困難な問題を抱える女性支援について~一般質問より~
昨年(2024年4月)、困難な問題を抱える女性への支援に関する法律、いわゆる女性支援法が施行されました。
それまで困難な問題を抱える女性への支援は、1956年施行の売春防止法を法的根拠に婦人保護事業として行われていました。女性の直面する困難が多様化、複雑化する中で、婦人保護事業では、女性のニーズに十分応えられないと指摘されるようになり、女性支援法がようやく制定されたということです。
女性支援法は、困難を抱える女性が安心し自立して暮らせる社会の実現をめざし、当事者中心の支援や多様な支援を包括的に提供する体制の整備、民間団体との協働、早期から切れ目のない支援などを政策の基本理念に掲げています。
「居場所事業 まるく」の実績と課題、今後の展望は
区は、今年度(2025年度)からの第6次練馬区男女共同参画計画において女性支援法に基づく具体的施策の事業化にいち早く取り組んでいます。特に、公的な相談につながりにくいなど、支援のハードルが高い若年女性を対象とした「居場所事業まるく」は、他自治体からも関心が寄せられています。「まるく」は、偶数月は練馬区団共同参画センターえーるで、奇数月は区内のカフェで実施しています。
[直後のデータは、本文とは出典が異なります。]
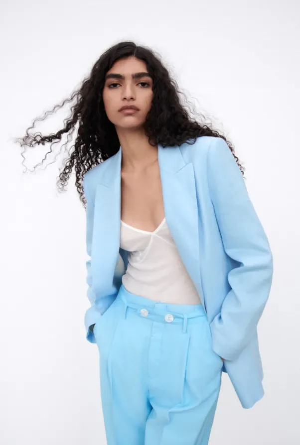 Стильная альтернатива вариантам в классической цветовой гамме – голубой женский льняной пиджак. Расслабленный крой, нежный цвет, отсутствие пуговиц, придающих строгость, — этот пиджак идеально впишется в повседневные луки. Например, можно носить его поверх укороченных топов или бралеттов с шортами и кожаными сандалиями. Если на улице прохладно, меняй шорты на белые или голубые джинсы. Для создания элегантного делового аутфита предлагаем дополнять жакет льняными брюками в тон, а в качестве аксессуаров выбрать пару минималистичных украшений и небольшую фактурную сумку через плечо.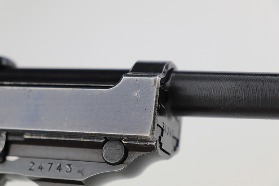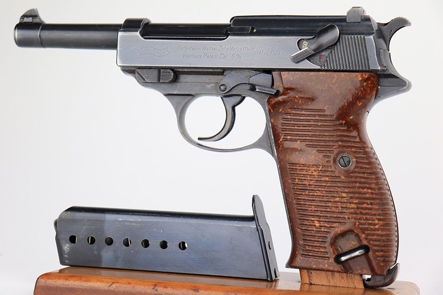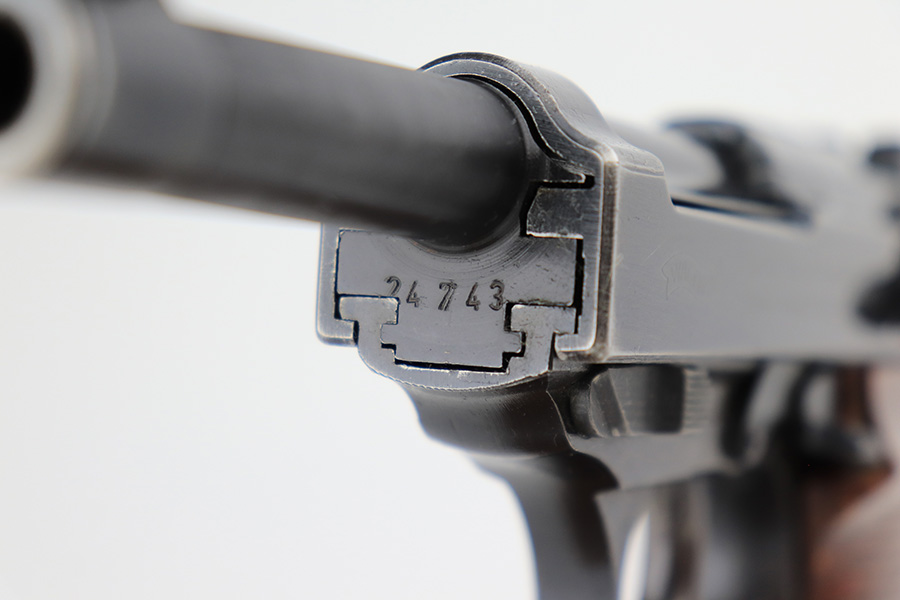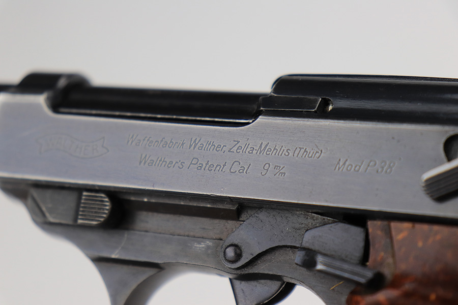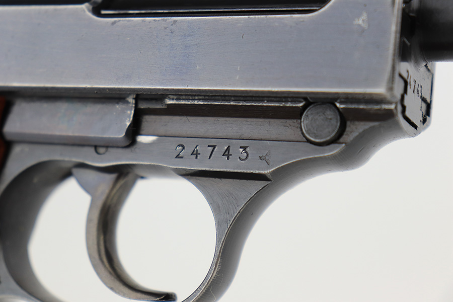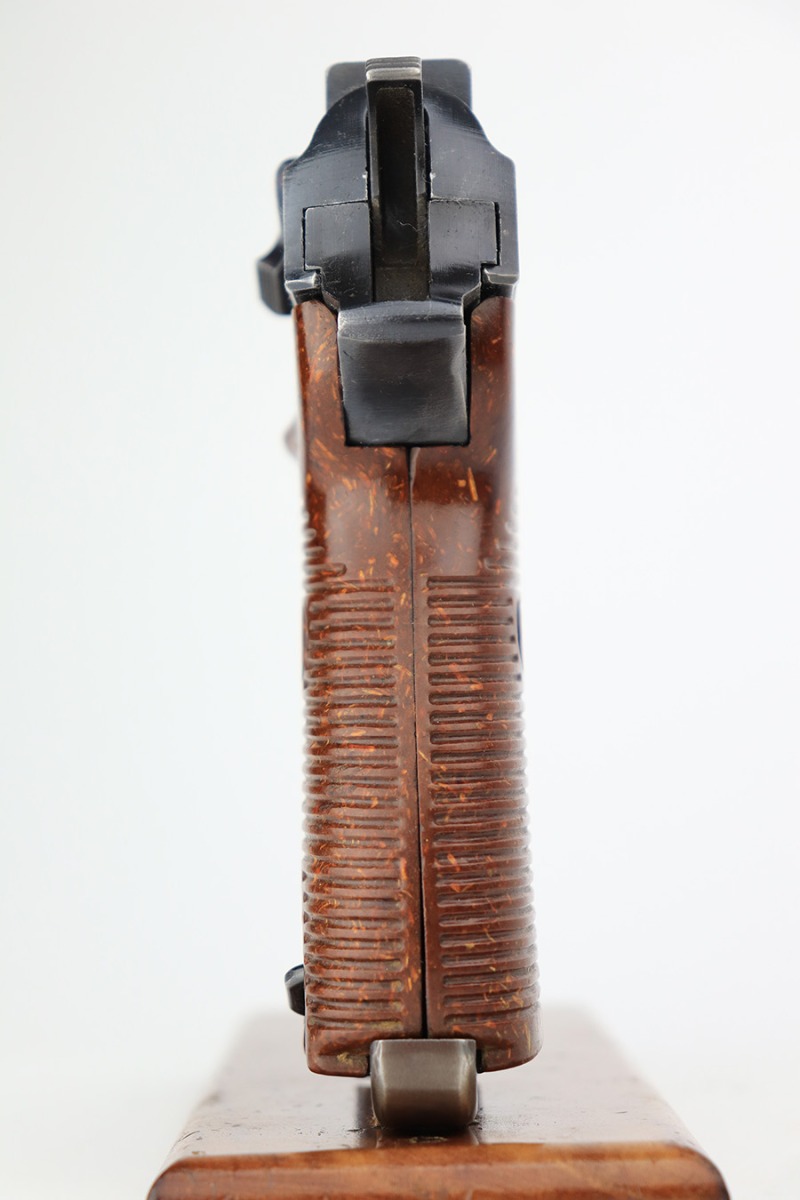 5/5/23 – This is an excellent example of a rare Walther Mod P.38 sold in the commercial market during WW2. This one is all matching and has the proper “Eagle N” proofs. This gun is rare as only 1,800 were produced. It has retained about 94-95% of its original finish. Very minor wear around the muzzle and on the high edges. Very minor wear on the front strap and on both sides of the slide. A few tiny scratches here and there. Fitted with excellent reddish particle grips. Comes with an un-marked magazine. The bore has strong rifling, but there is light freckling in the grooves. De-cocker is functional.

家族関係の悪化、いじめ、不登校、中途退学、孤立、親からの性虐待・暴力、予期せぬ妊娠、希死念慮、自傷行為など、複雑な困難に直面している若年女性の支援のさらなる深化が求められています。
一般質問でこれまでの実績と課題、今後の展望を質しました。
これまでに延べ47名の利用があり、参加者アンケートでは82%の方が「また来たい」と回答しているとのことです。
若年女性は、支援を必要としながらも相談につながりにくいことから、事業の周知が課題。SNS等の活用や民間団体や学校を通じた案内カードの配布などをさらに行っていくという考えです。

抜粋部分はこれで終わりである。